Additionally, the lawmakers’ grades took into account their votes on lesser-known legislation, including the LGBTQI+ Data Inclusion Act, which Moms for America has characterized as the “More than 2 Genders Act.” Other bills the grades took into consideration included lawmakers’ votes on gun control bills, measures that would have increased federal oversight over elections, a bill that would have given statehood to Washington, D.C., an aid package designated for Ukraine and stimulus packages including the so-called Inflation Reduction Act and the American Rescue Plan.

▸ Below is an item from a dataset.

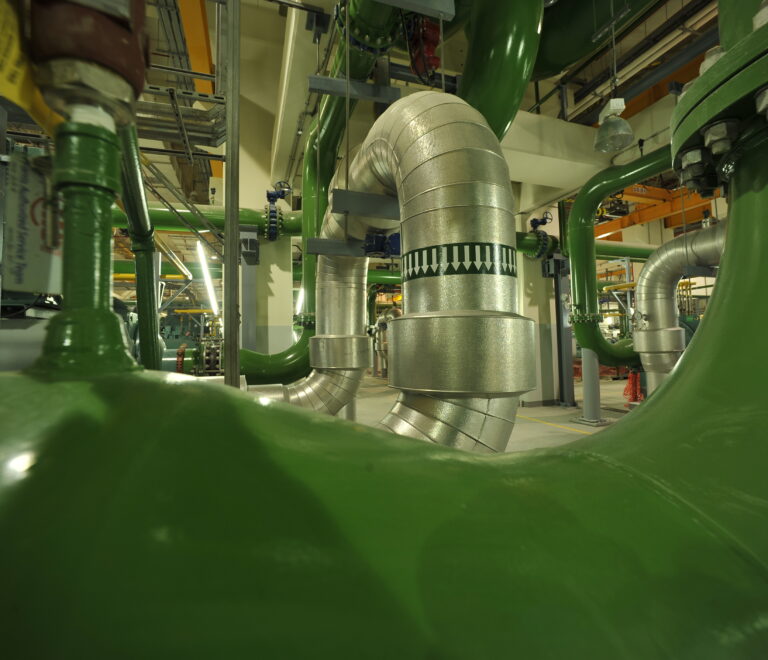 - Chilled water is pumped through a network of underground insulated pipes to the customers’ building

In the statement released ahead of Wednesday’s press conference, Moms for America explained why it penalized lawmakers for supporting certain legislation not directly related to education. The group specifically highlighted its opposition to the Ukrainian aid bill because it “sent billions of dollars to Ukraine, while America’s moms are struggling to put food on the table and gas in their minivans.”  

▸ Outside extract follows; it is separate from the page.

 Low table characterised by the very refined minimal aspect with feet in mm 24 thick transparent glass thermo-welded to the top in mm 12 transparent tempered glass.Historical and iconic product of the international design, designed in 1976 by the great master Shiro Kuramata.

Concerns about inflation, the economy and crime figured prominently at Wednesday’s press conference, where Fletcher decried “what’s going on in our country today.” She spoke of “a serious downgrade in everything that we care about, from freedom, to the protection of our children, to the education that they’re receiving” in the first two years of the Biden administration. 

The release of Moms for America’s Congressional Report Card comes as education has emerged as a major point of contention in American politics. The teaching of critical race theory, the inclusion of sexually explicit material and LGBT ideology in school curriculum, efforts by school officials to encourage students to transition their gender without parental knowledge and the promotion of comprehensive sex education characterized by critics as inappropriate for children has led to outrage among American parents.

This outrage has led to the formation of advocacy groups such as Parents Defending Education and the 1776 Project PAC, which supports candidates for school board elections that oppose critical race theory and “want to reform our public education system by promoting patriotism and pride in American history.”

Last month, several school board elections in Florida resulted in candidates endorsed by the 1776 Project PAC and the state’s Republican Gov. Ron DeSantis performing very well, including in populous metropolitan areas that usually favor Democratic candidates. 

Fletcher described the school board elections in Florida as a “precursor of things to come” in the upcoming midterm elections. “The moms are making a major difference.” She concluded her interview with CP by proclaiming that “the most important thing about this election is that we get out and we vote, that our values are represented and that our voices are heard.” She lamented that “the vast majority of conservative women of faith aren’t voting. Most of them aren’t even registered to vote.”

“If you think that this mom-led revolution is just a little thing that’s going to come and go, you ain’t seen nothing yet,” she vowed.